TASK STATEMENT:
The listing, minus its pictures, is to be given again exactly.

--- DATA SEGMENT Enclosed Below ---

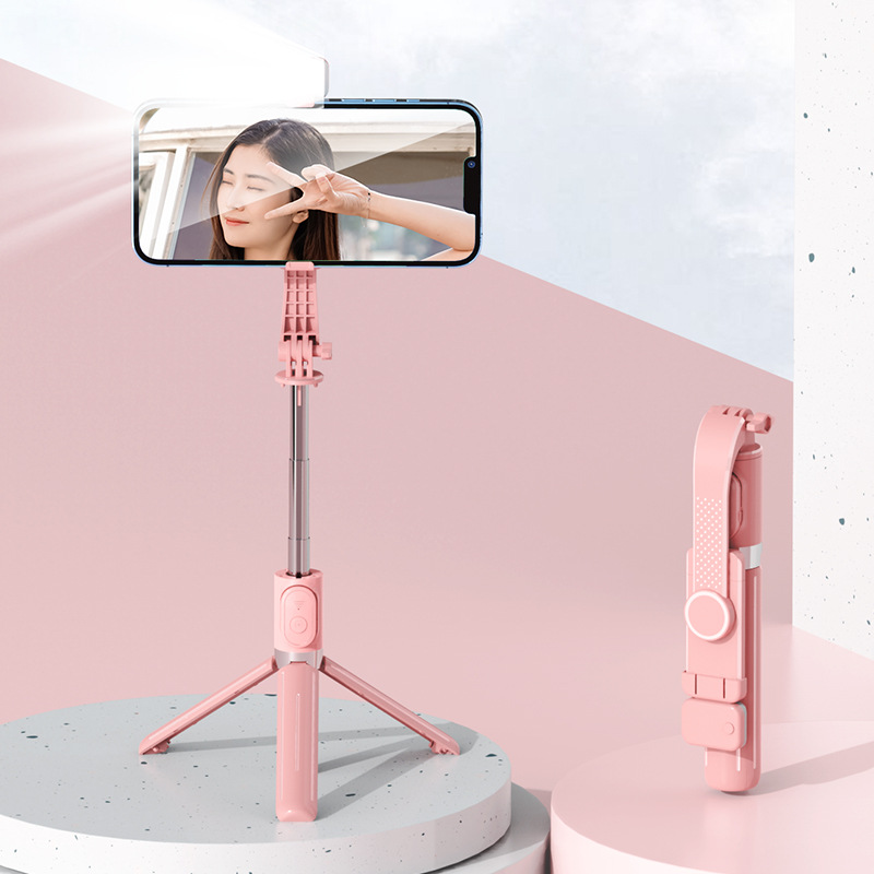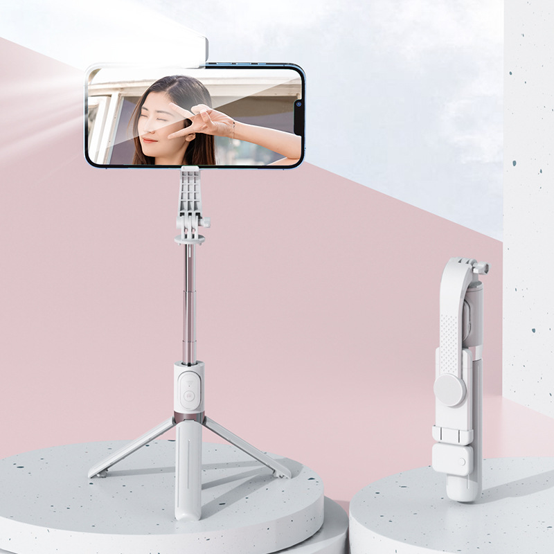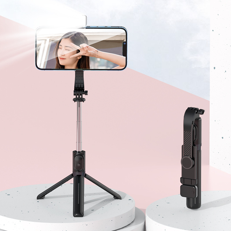 새로운 휴대폰 셀카봉 충전식 블루투스 원격 제어 휴대폰 라이브 방송 스탠드에는 삼각대가 함께 제공됩니다. 확장형 길이 1m
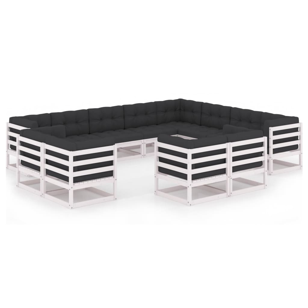 14-tlg. Garten-Lounge-Set mit Kissen Weiss Kiefer Massivholz
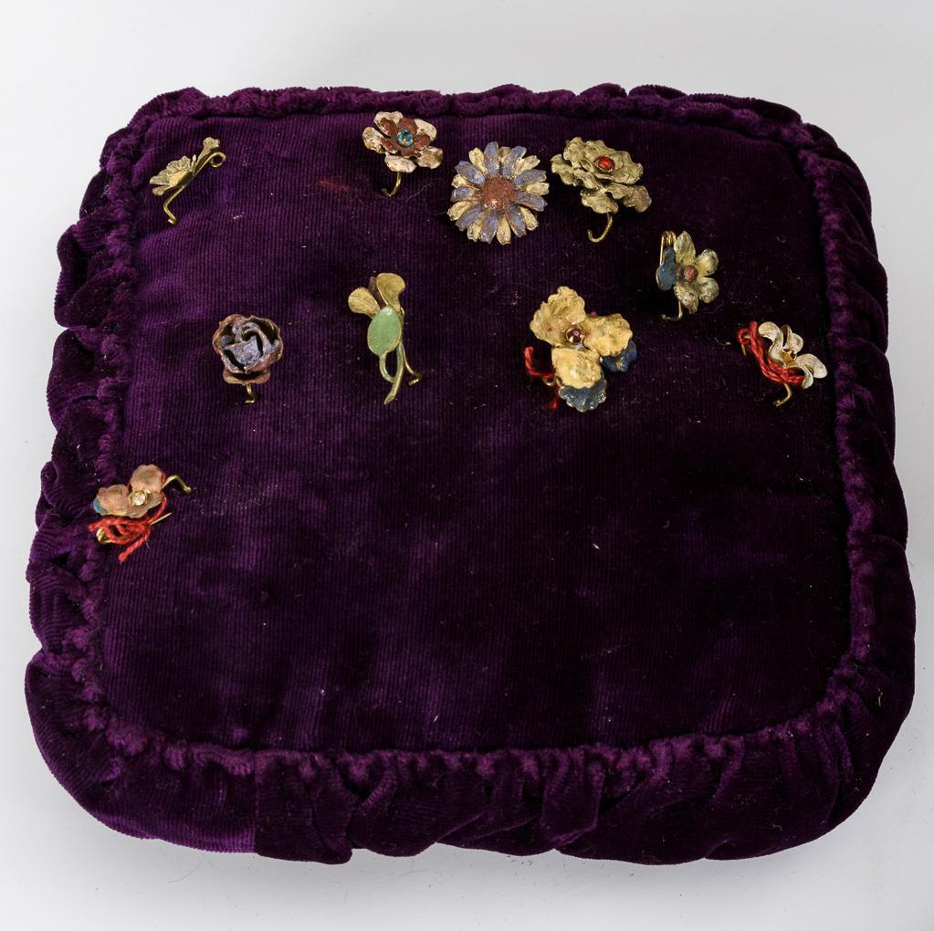 Doll cabinet walnut, door with faceted mirror glass, inside 1 drawer, lock jammed. Chest shaped travel case with 2 handles and lock. In it violet velvet cushion with 10 flower brooches. / Green botanizing drum with embossed front image (L 18,5 cm). Signs of age.

--- End of Enclosed DATA SEGMENT ---

YOUR SOLUTION:
 새로운 휴대폰 셀카봉 충전식 블루투스 원격 제어 휴대폰 라이브 방송 스탠드에는 삼각대가 함께 제공됩니다. 확장형 길이 1m
 14-tlg. Garten-Lounge-Set mit Kissen Weiss Kiefer Massivholz
 Doll cabinet walnut, door with faceted mirror glass, inside 1 drawer, lock jammed. Chest shaped travel case with 2 handles and lock. In it violet velvet cushion with 10 flower brooches. / Green botanizing drum with embossed front image (L 18,5 cm). Signs of age.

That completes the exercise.